Mutant ΔI258D259Comp expression in vertebral column and muscle of zebrafish. Comp immunostainings were performed on paraffin-embedded tissue sections (A-D) from 5-month-old wild type (wt) (A, C) (n=4) and homozygous ΔI258D259Comp (B, D) (n=4) zebrafish by using affinity-purified rabbit (A-D) and guinea pig (E, F) antisera specific for zebrafish Comp, alkaline phosphatase-conjugated streptavidin and Fast Red staining (A-D) and secondary Alexa 488 conjugated antibodies (E, F). (A) In the vertebral column of 5-month-old wt zebrafish, Comp is found in the fibrocartilaginous tissue at the base of the intervertebral discs (ivd) (arrows) and lining the inner part of the bones (b) (arrowheads), (vt, vacuolated tissue). (B) In mutant ΔI258D259Comp zebrafish this expression is nearly completely lacking. However, the architecture of the vertebral column is not altered. (C) In adult wild type zebrafish Comp is still uniformly found in myosepta (m). (D) Also in adult mutant ΔI258D259Comp zebrafish Comp is found in myosepta (m) but with an irregular patchy distribution (arrowheads). (E, F) This is similar in 72 hpf zebrafish where Comp is strongly and uniformly found in myosepta (m) of wt (E) and in irregular patches (arrowheads) interrupted by a much weaker uniform staining (arrows) in ΔI258D259Comp zebrafish as shown by whole mount immunofluorescence staining using an affinity-purified guinea pig antiserum specific for zebrafish Comp (E, F) (n=100), see also Figure 6C. Bars: 100 µm in (A-D) and 10 µm in (E, F).

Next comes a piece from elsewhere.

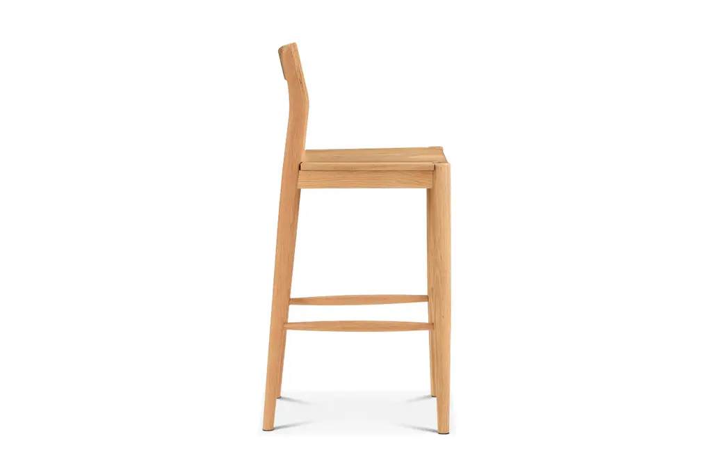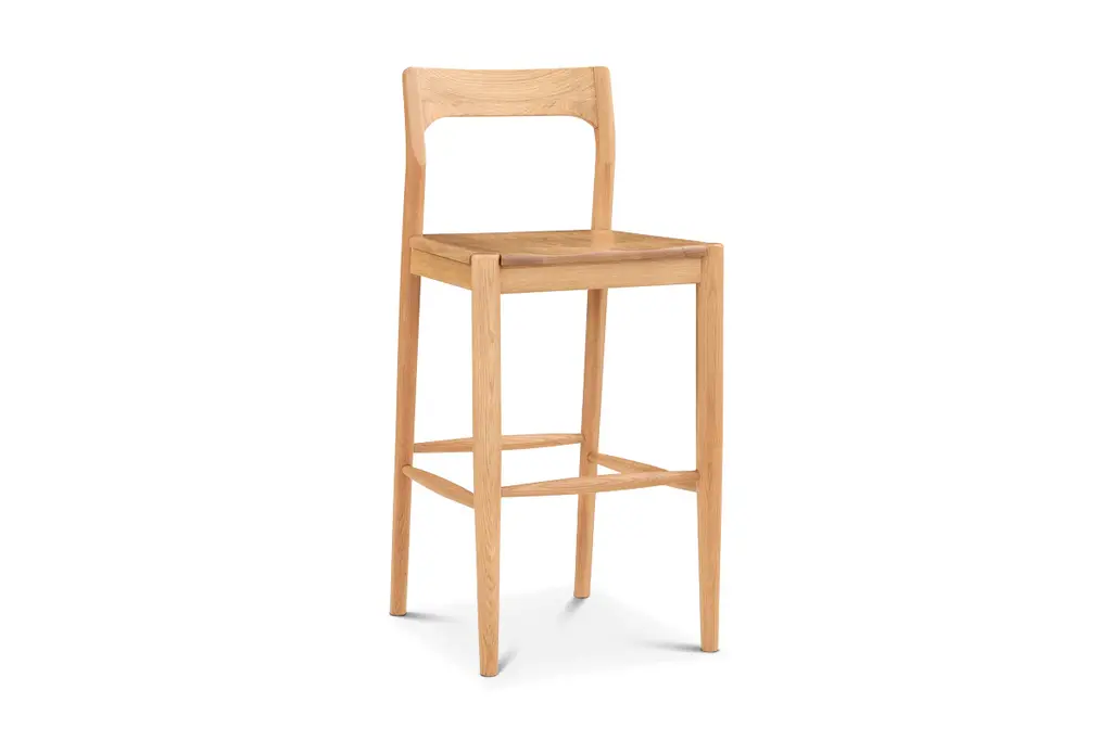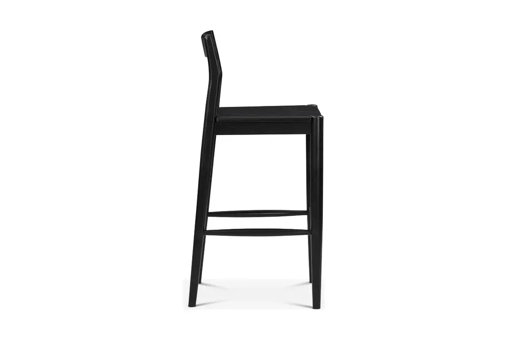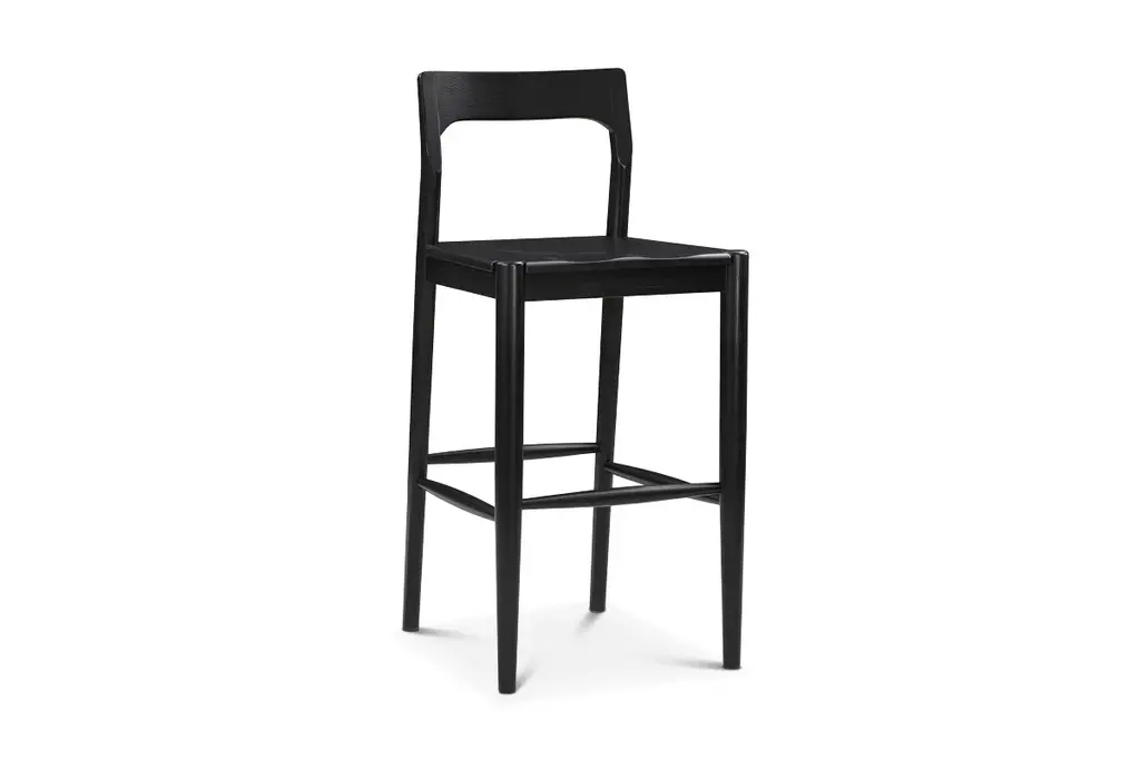 Add contemporary charm and timeless style to your kitchen or bar area with the Adler Bar Stool. Crafted from solid walnut or oak, it's available in a versatile natural or black finish, each showing off the unique characteristics of the wood grain texture. This stool features a curved open backrest for support and comfort.

Electron microscopy of myosepta in wild type and mutant ΔI258D259Comp skeletal muscle of 72hpf zebrafish. The skeletal muscle fiber (MF) structure is comparable in wild type (wt) (A) and mutant ΔI258D259Comp (B) zebrafish while the myosepta (MS) in mutants are less dense and slightly enlarged compared to control. At higher magnification the myosepta of wild type (C) show a largely homogenous extracellular matrix (ECM) structure while myosepta of mutants (D) show disrupted (black asterisks), inhomogeneous and clustered ECM (arrows) structure with different density. The fibroblasts in wild type (E) and mutants (F) show an extensive endoplasmic reticulum (white asterisks) without obvious differences, indicating intact synthesis- active fibroblasts and no significant retention of mutant protein.